Даже обращение Селифана к лошадям подвергается той же операции, при этом конкретные детали как бы генерализируются, возводятся в более высокую, лирическую степень. В начальной редакции следовала серия обращений: «Эй, вы сердечные! мои любимые [...] Забубенные вы! Пора, пора! хвать, хвать! Московские обыватели, толоконные приятели» и т. д. (268). В окончательной редакции речь (или точнее «песнь») Селифана передает от своего лица автор: «Туда всё вошло: все ободрительные и понудительные крики, которыми потчевают лошадей по всей России от одного конца до другого; прилагательные всех родов и качеств без дальнейшего разбора, как что первое попалось на язык. Таким образом дошло до того, что он начал называть их наконец секретарями» (42).

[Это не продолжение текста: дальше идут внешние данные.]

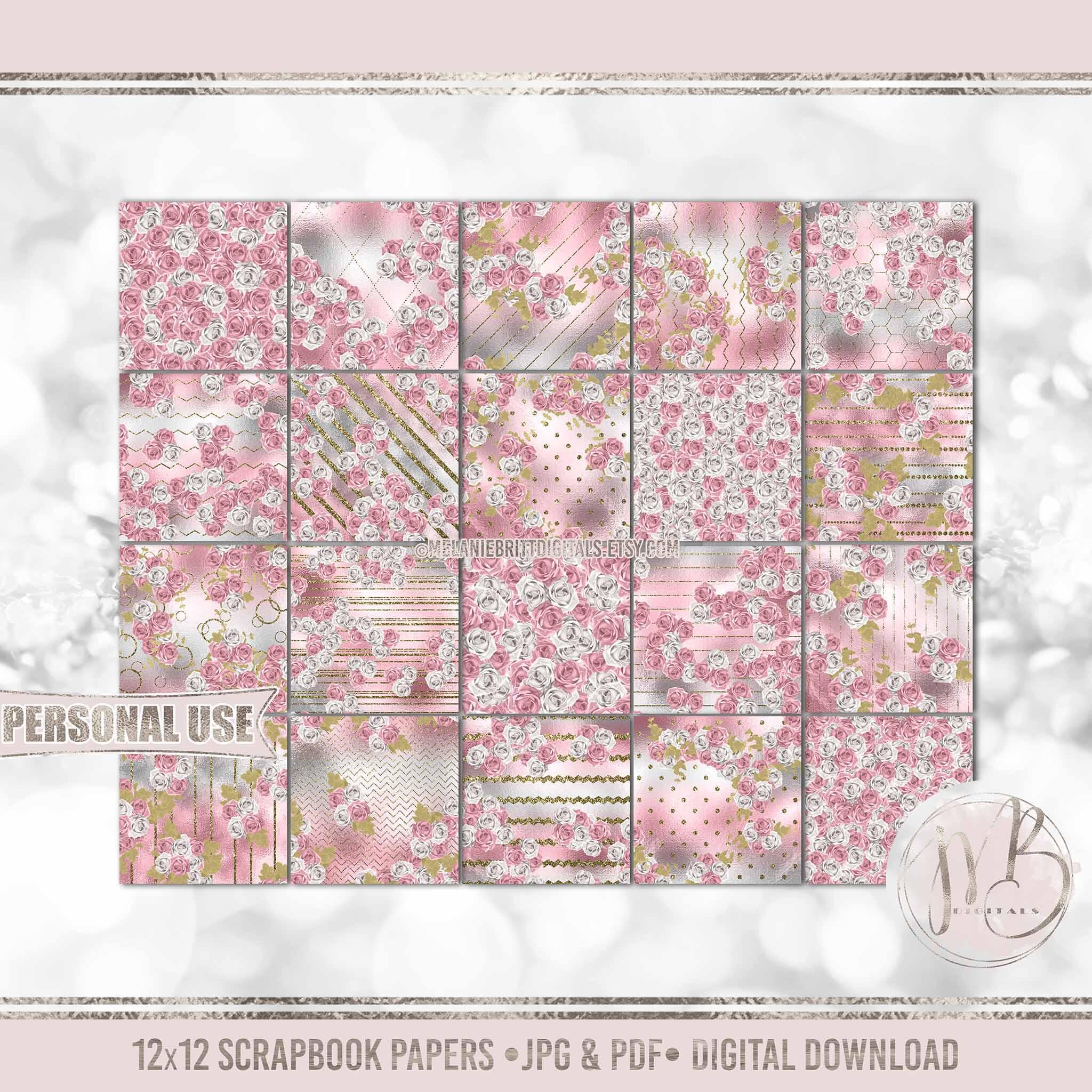 pink rose paper, gold glitter, floral digital paper, patterned paper, printable paper, scrapbook paper, digital download, digital scrapbooking, floral paper design, rose digital paper, floral scrapbook, for paper crafts, melaniebrittdigitals

Так в поле зрения повествователя оказывается способ обращения с лошадьми по всей России, то есть некий общий национальный обычай.

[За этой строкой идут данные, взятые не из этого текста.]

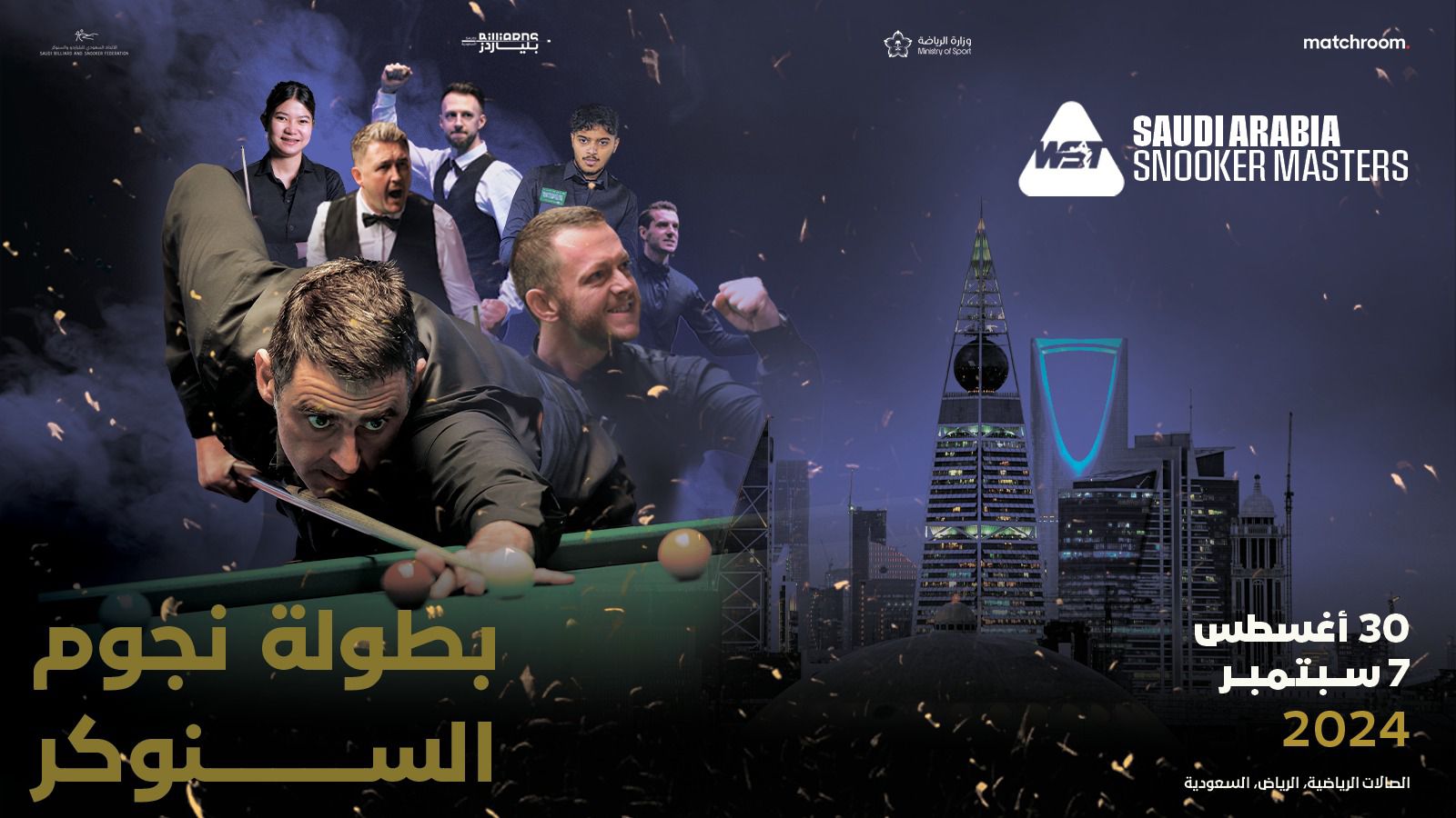 تستعد العاصمة الرياض لاستضافة منافسات بطولة الماسترز السعودية للسنوكر، والتي ينظمها الاتحاد السعودي للبلياردو والسنوكر، بإشراف من وزارة الرياضة، خلال الفترة من 30 أغسطس وحتى 7 سبتمبر 2024م، في الصالات الرياضية بمجمع الأمير فيصل بن فهد الأولمبي بالرياض، حيث تقرر أن تشهد البطولة مشاركة 144 من أفضل لاعبي السنوكر في العالم.

Эффект подобного преобразования текста (которое в некоторых случаях мы могли бы проследить подробнее, так как его промежуточная стадия отразилась и во второй черновой редакции) один и тот же: превращение монологического и диалогического пассажа в маленькую сценку, подчас даже с генерализацией ее смысла (как в сцене с Селифаном), далее внесение (или усиление) иронических моментов и, наконец, создание единой, с глубоким подтекстом, повествовательной интонации. Но все это уже выходит за пределы той тенденции, которую Гоголь ретроспективно называл «смягчением» «тягостного впечатления». В определенном смысле это было даже усиление, развитие такого впечатления, хотя надо помнить, что ни в какую однозначную формулу эффект, производимый гоголевским текстом, не умещается, рождая глубокое и подвижное, бесконечно переливающееся чувство.

 

* * *

В ранней редакции VIII главы есть фраза, объединяющая сразу несколько литературных имен: «В старину Гомер, позже Сервантес, Вальтер Скотт и Пушкин любили живописать туалеты» (330). Эти имена были весьма значимы для Гоголя в пору работы над «Мертвыми душами». Вдохновляющий пример Сервантеса запечатлелся в его сознании еще со времен беседы с Пушкиным, указавшим на создателя «Дон-Кихота» в некотором смысле как на образец. По мере прояснения эпического и поэмного характера «Мертвых душ» мысль Гоголя все более и более влеклась и к творцу эпопеи Гомеру. Пример Пушкина интересен был Гоголю аналогичным, хотя и противоположно направленным изменением жанра, резко нарушающим «горизонт ожидания»: вместо ожидаемой стихотворной поэмы «Евгений Онегин» являл собою роман в стихах, так же как вместо ожидаемого прозаического романа «Мертвые души» должны были явить поэму в прозе.

Наконец, во всем объеме вырисовывалось перед Гоголем и значение романного творчества Вальтера Скотта, причем происходило это как раз с началом новой (заграничной) фазы работы над «Мертвыми душами». «Принимаюсь перечитывать вновь всего Вальтера Скотта, а там, может быть, за перо» (XI, 60), — писал Гоголь М. П. Погодину 22(10) сентября 1836 года 17.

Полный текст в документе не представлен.